2. Description of the Prior Art
The conventional copying or photocopying machines are generally provided with a safety device of the type in which an expectant time when a copy is to be discharged out of the photocopying machine is measured from the time when the actuation of a copying paper feeding system is started so that when the copy is not discharged out of the photocopying machine even after the expectant time, the alarming signal indicating the possibility of jamming of copying paper in the fixing station is generated so as to stop the operation of the photocopying machine. The safety device of the type described also interrupts the operation of the photocopying machine at the time when the stocked copying paper is exhausted or run out when the timing of feed of copying paper is delayed or when the failure in feeding copying paper occurs due to the slippage of copying paper over feed rollers. Every time when the operation of the photocopying machine is stopped, the heaters in the fixing station are de-energized so that the photocopying operation cannot be resumed immediately after the cause for failure has been checked and removed by an operator because the fixing station is cooled to a temperature below the operating temperature. It generally takes a long time before the temperature in the fixing station rises to the operating temperature.

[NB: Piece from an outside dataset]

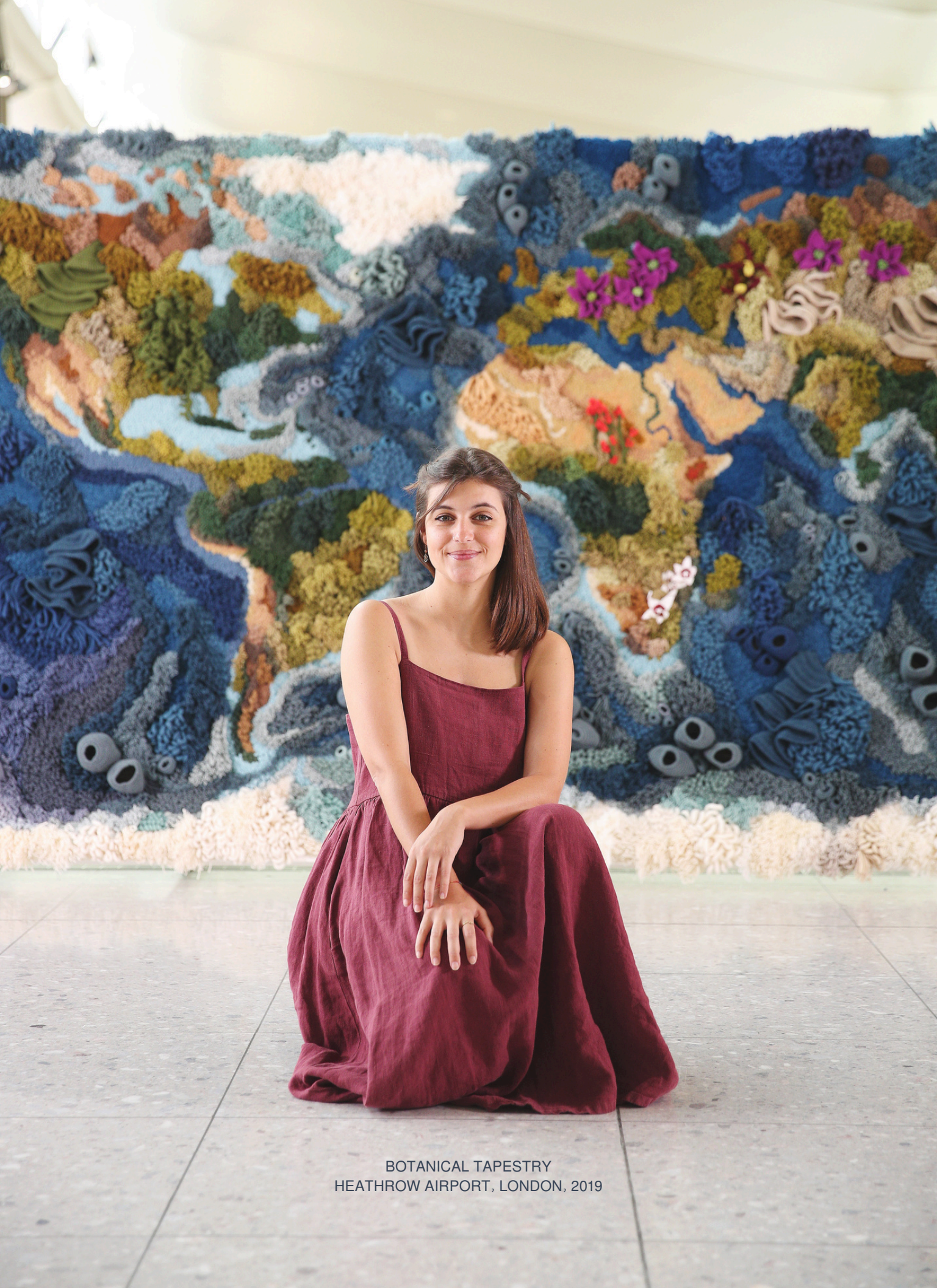
BOTANICAL TAPESTRY HEATHROW AIRPORT, LONDON, 2019

Furthermore there is a danger for an unskilled operator to restart the photocopying machine without removing the real cause for jamming so that jamming occurs again immediately, thus leading to the serious damages to the photocopying machine.

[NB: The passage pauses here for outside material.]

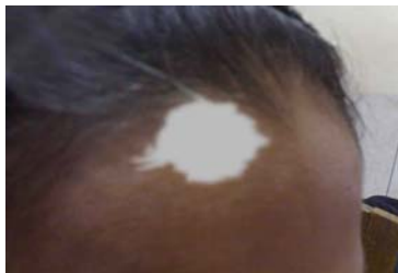
Picture 1: showing vitiligo affected area on forehead of a middle aged women.

Moreover, in a survey of more than 2600 unselected Caucasian vitiligo patients, elevated frequencies of autoimmune thyroid disease, Addison's disease, systemic lupus erythematosus and pernicious anaemia were found, with approximately 30% of patients being affected with at least one additional autoimmune disorder 8 Furthermore, these same autoimmune diseases occurred at an increased frequency in the first-degree relatives of the patients studied. Similarly, in multiplex generalized vitiligo families, higher frequencies of psoriasis, rheumatoid arthritis and type 1 diabetes mellitus were noted in addition to autoimmune thyroid disease, Addison's disease, systemic lupus erythematosus and pernicious anaemia 9 . Such data indicate that individuals can be genetically predisposed to a specific group of autoimmune diseases that includes generalized vitiligo 2 . In contrast to the studies, one notable large-scale analysis of 321 vitiligo patients found associations with thyroid disease but not with any other autoimmune disease 10 . The purpose of the present study was therefore destined to find out the association of vitiligo with any autoimmune diseases.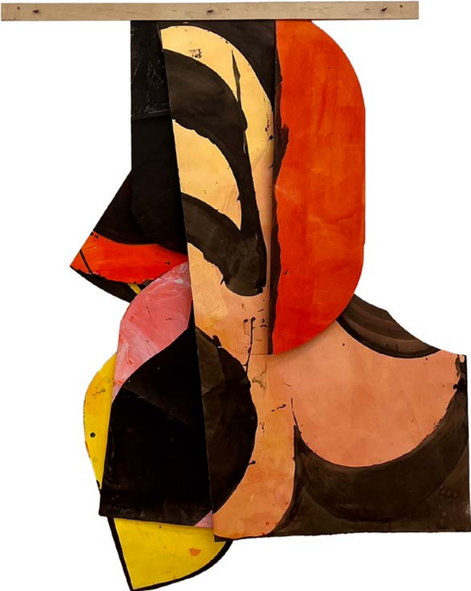
Untitled, 2019-2023 Acrylic, shellac ink, on paper 171 × 120 cm

An object of the present invention is therefore to provide an improved safety device for a photocopying machine which functions depending upon the causes for failures in feeding and discharging photocopying paper so that the safeguarded and efficient operation of the photocopying machine may be ensured.
Briefly stated, according to the present invention the safety device is provided with three independent timing means which are operated in synchronism with the operation of a driving system for a copying paper feed system. The first timing means is used for detecting the condition of feed of copying paper; the second timing means is used for detecting the time delay in transportation of copying paper through the various processing stations in the photocopying machine; and the third timing means is used for detecting whether or not the copy is correctly discharged out of the photocopying machine. According to the present invention, means for detecting the failure in feeding copying paper is provided whose input comprises at least one switching means which is disposed in the passage extending from a copying paper storage to a fixing station and are actuable by copying paper being transported. Means for detecting the failure in feeding copying paper is actuated in synchronism with said first timing means. Means for detecting the failure in copy discharge is actuated in synchronism with said second and third timing means. Furthermore, means is provided which may stop means for driving the copying paper feed system in response to the output signal from means for detecting the exhaust of stocked copying paper and/or signal from means for detecting the failure in feeding copying paper. The present invention further provides emergency means for stopping the operation of the photocopying machine in response to the signal from means for detecting the failure in copy discharge which is actuated in synchronism with the second and third timing means when the correct feed of copying paper has been confirmed by said feed-failure detecting means. Preferably mechanical lock means which is actuated in response to the actuation of said emergency means is provided for mechanically locking the operation of the photocopying machine until the cause for failure in feed and/or discharge of copying papers is removed.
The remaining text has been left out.